- [Records for this exercise]:
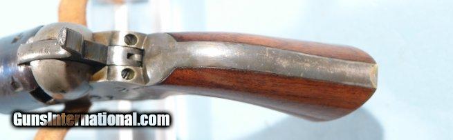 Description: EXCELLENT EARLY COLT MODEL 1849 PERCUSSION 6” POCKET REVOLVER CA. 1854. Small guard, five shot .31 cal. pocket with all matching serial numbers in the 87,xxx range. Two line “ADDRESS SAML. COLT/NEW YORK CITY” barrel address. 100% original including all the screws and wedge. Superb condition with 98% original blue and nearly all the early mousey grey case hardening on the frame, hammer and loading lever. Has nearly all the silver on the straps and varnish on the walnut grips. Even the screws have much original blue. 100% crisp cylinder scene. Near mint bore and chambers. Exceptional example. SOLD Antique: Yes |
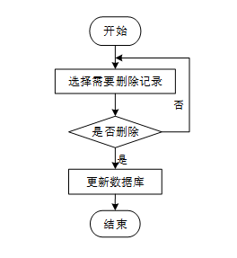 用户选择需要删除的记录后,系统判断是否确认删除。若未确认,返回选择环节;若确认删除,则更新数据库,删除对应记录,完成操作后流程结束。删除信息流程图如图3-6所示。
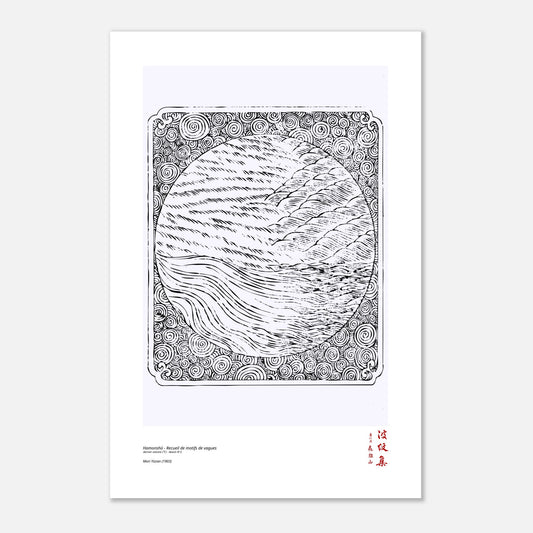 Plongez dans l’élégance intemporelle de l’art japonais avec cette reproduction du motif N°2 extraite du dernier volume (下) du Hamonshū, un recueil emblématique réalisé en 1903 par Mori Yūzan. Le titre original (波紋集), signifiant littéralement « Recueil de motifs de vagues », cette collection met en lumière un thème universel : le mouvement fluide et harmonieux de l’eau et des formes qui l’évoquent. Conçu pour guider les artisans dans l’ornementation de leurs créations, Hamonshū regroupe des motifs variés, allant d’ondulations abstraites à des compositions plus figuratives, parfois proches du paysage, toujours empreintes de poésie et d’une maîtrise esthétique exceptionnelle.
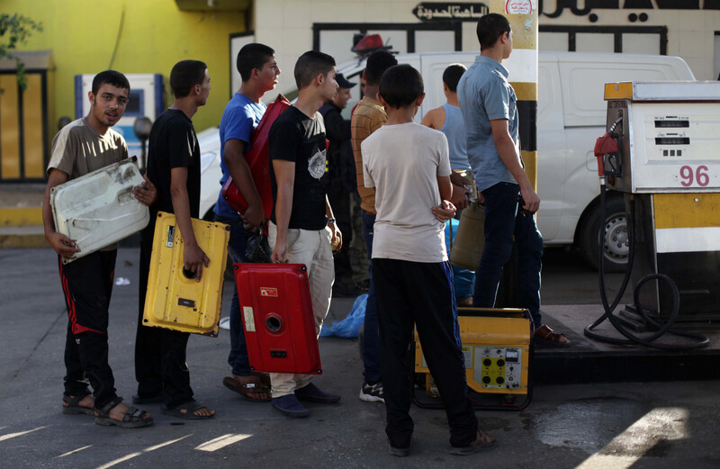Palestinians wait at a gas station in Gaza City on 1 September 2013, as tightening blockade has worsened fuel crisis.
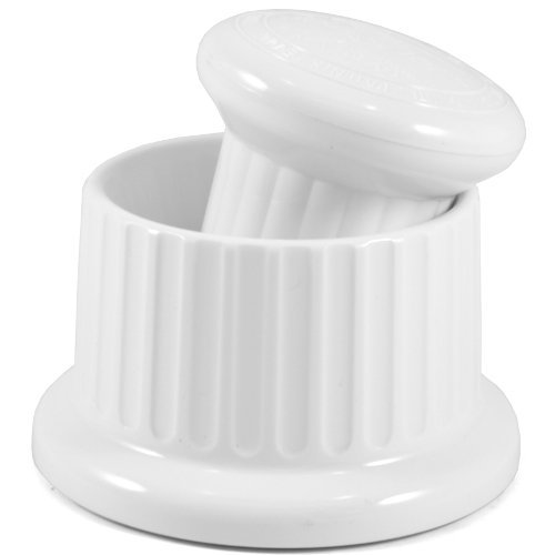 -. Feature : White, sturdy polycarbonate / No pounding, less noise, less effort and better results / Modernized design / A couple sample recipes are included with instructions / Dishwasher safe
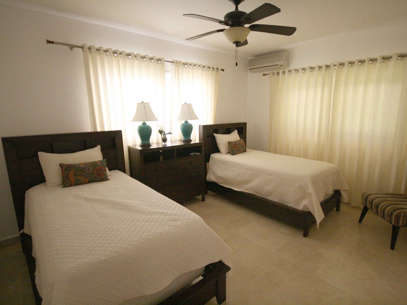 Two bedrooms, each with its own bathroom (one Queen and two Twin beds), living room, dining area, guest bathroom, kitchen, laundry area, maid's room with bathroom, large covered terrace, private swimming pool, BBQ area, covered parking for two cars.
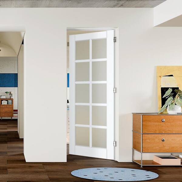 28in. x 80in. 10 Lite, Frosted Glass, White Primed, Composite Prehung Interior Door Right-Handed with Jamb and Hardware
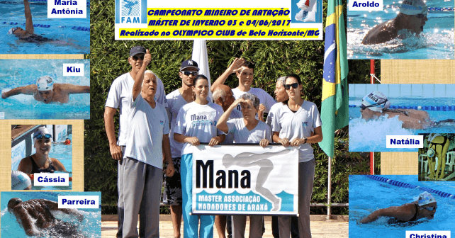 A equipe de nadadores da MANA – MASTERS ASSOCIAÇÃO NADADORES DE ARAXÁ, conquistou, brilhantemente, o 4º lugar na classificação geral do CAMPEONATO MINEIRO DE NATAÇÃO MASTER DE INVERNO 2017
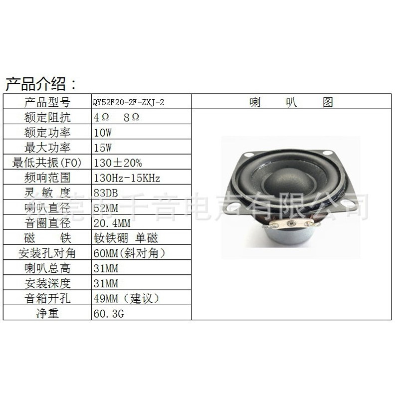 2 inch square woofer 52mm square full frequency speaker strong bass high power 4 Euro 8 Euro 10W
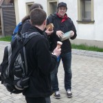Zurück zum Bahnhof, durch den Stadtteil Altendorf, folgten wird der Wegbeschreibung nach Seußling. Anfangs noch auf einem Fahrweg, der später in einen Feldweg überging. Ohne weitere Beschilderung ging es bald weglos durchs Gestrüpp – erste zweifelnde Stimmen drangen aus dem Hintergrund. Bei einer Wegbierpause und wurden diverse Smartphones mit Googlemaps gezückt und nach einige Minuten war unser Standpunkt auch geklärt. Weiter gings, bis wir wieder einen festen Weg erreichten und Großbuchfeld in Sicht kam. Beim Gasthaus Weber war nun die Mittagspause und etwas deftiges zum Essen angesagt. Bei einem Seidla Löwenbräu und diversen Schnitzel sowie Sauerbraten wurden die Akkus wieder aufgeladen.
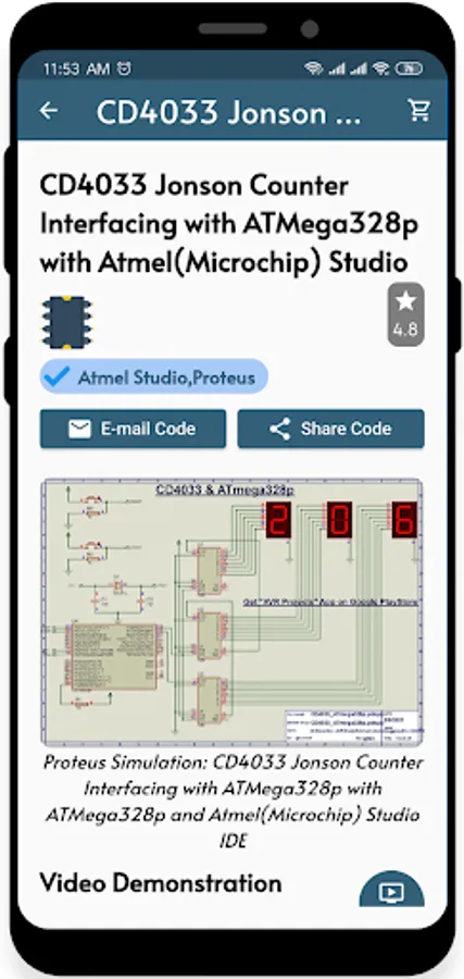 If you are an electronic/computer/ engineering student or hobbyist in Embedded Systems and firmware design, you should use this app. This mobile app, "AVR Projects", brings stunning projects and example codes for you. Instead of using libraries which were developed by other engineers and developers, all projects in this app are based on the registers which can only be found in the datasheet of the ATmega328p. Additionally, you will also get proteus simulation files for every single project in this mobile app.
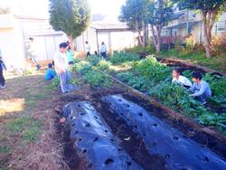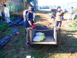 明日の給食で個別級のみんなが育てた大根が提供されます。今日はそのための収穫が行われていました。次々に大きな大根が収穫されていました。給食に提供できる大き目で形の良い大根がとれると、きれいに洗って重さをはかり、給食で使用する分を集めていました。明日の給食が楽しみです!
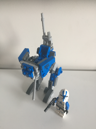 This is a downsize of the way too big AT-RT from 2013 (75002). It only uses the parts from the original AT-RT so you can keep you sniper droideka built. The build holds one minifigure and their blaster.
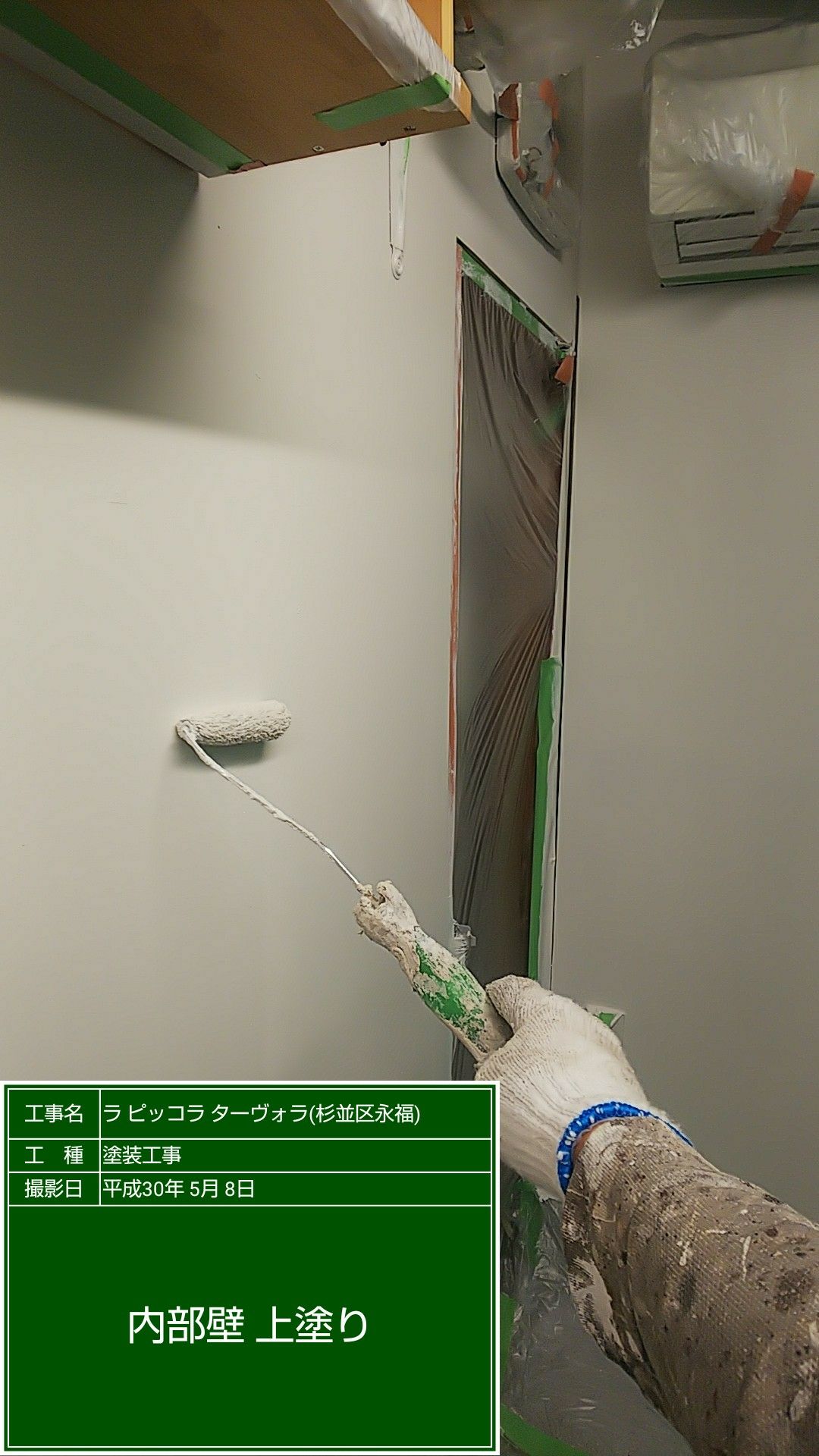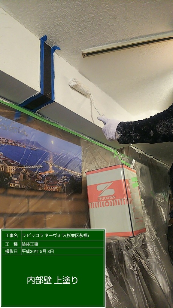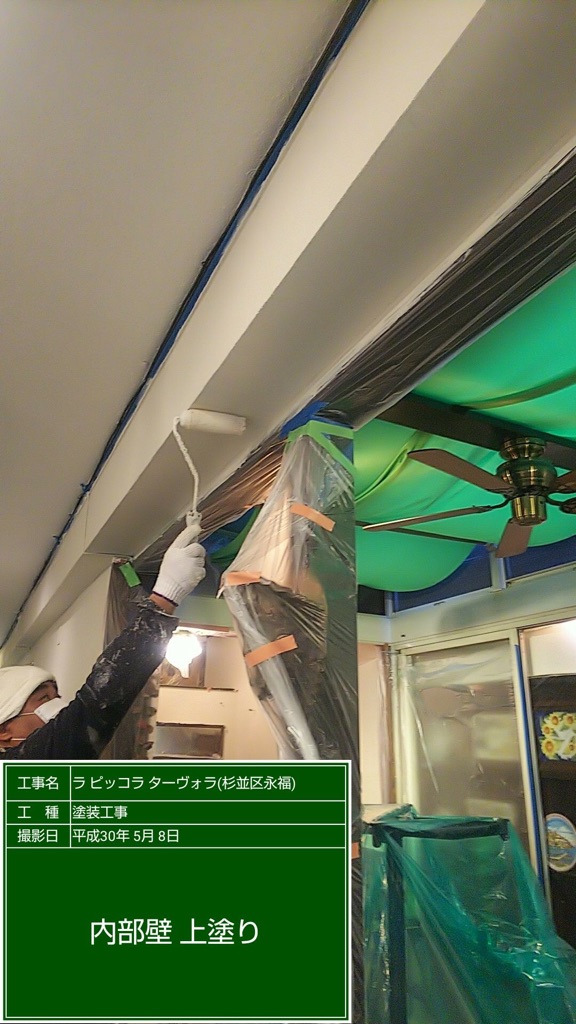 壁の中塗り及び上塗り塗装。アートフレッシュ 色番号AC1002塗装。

- [Exercise details]: Transcribe, exactly and without pictures, everything in the data from the line with "2 inch square" down to the line with "Zurück zum Bahnhof, durch", both included.

- [Your response]:
 2 inch square woofer 52mm square full frequency speaker strong bass high power 4 Euro 8 Euro 10W
Zurück zum Bahnhof, durch den Stadtteil Altendorf, folgten wird der Wegbeschreibung nach Seußling. Anfangs noch auf einem Fahrweg, der später in einen Feldweg überging. Ohne weitere Beschilderung ging es bald weglos durchs Gestrüpp – erste zweifelnde Stimmen drangen aus dem Hintergrund. Bei einer Wegbierpause und wurden diverse Smartphones mit Googlemaps gezückt und nach einige Minuten war unser Standpunkt auch geklärt. Weiter gings, bis wir wieder einen festen Weg erreichten und Großbuchfeld in Sicht kam. Beim Gasthaus Weber war nun die Mittagspause und etwas deftiges zum Essen angesagt. Bei einem Seidla Löwenbräu und diversen Schnitzel sowie Sauerbraten wurden die Akkus wieder aufgeladen.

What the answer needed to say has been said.